--- Task to complete ---
Extract the full listing verbatim and drop any pictures from your copy.

--- Data ---
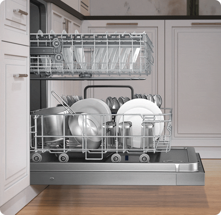 Height-adjustable upper rack makes it easy to accommodate various dishware shapes and sizes.
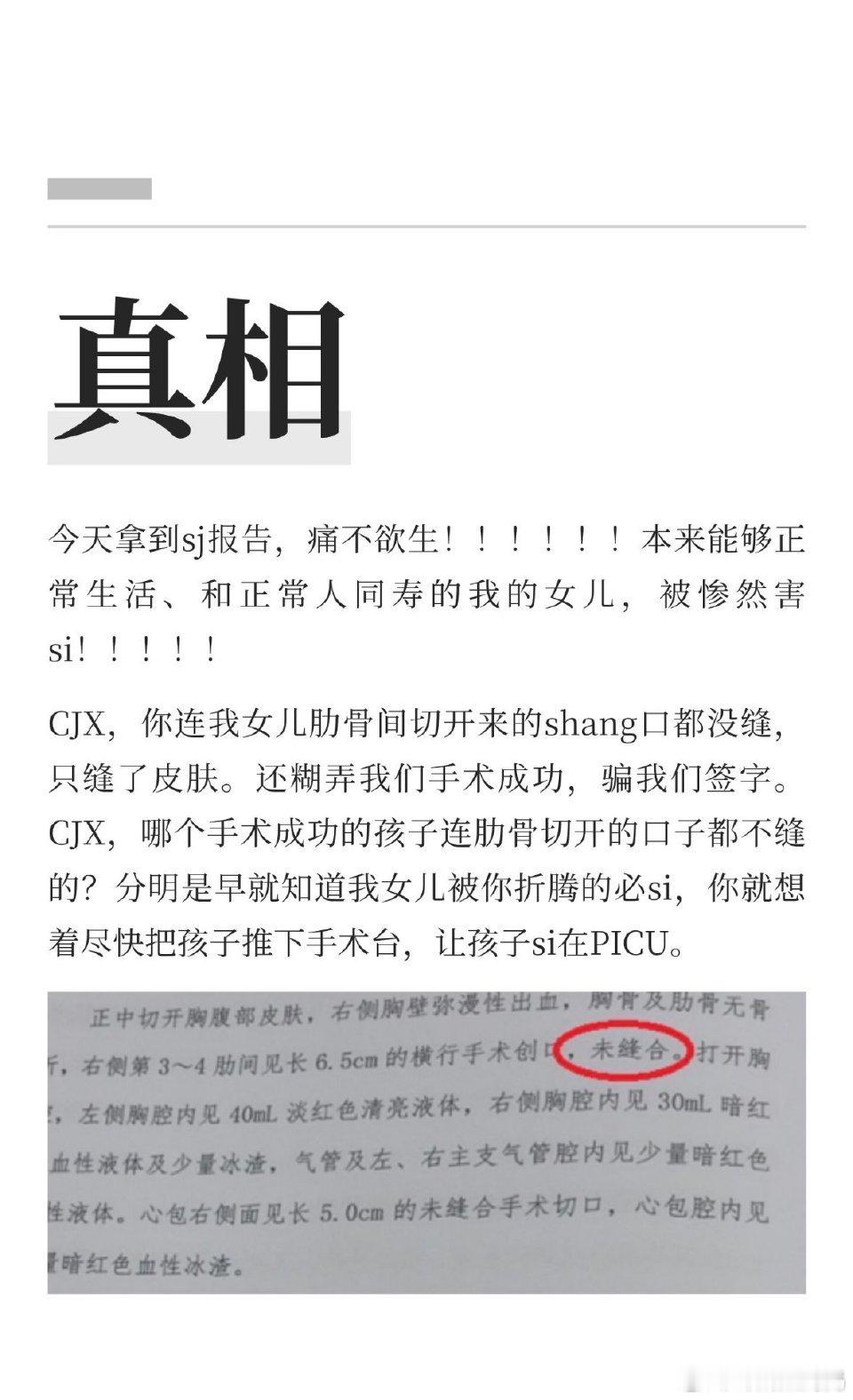 小洛熙事件追问手术室应该有监控吗法医刘良团队的尸检报告是关键铁证尸检报告出来了 孩子没有房缺,心脏彩超写的有房缺,说没有那个病写有那个病,所以从做彩超那一刻起就开始骗,小孩是血流干而死的,伤口有6.5cm都没有缝!!!但是他出手术室说手术成功补了两个缺口都补了!!!!!所以从做完心脏彩超那一刻就已经注定了命运……这怎么释怀啊!!!!!!!!
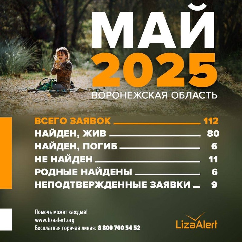 За май в поисково-спасательный отряд «Лиза-Алерт» поступило 112 заявок о пропавших людях, поделились в организации.

--- Response to the task ---
 Height-adjustable upper rack makes it easy to accommodate various dishware shapes and sizes.
 小洛熙事件追问手术室应该有监控吗法医刘良团队的尸检报告是关键铁证尸检报告出来了 孩子没有房缺,心脏彩超写的有房缺,说没有那个病写有那个病,所以从做彩超那一刻起就开始骗,小孩是血流干而死的,伤口有6.5cm都没有缝!!!但是他出手术室说手术成功补了两个缺口都补了!!!!!所以从做完心脏彩超那一刻就已经注定了命运……这怎么释怀啊!!!!!!!!
 За май в поисково-спасательный отряд «Лиза-Алерт» поступило 112 заявок о пропавших людях, поделились в организации.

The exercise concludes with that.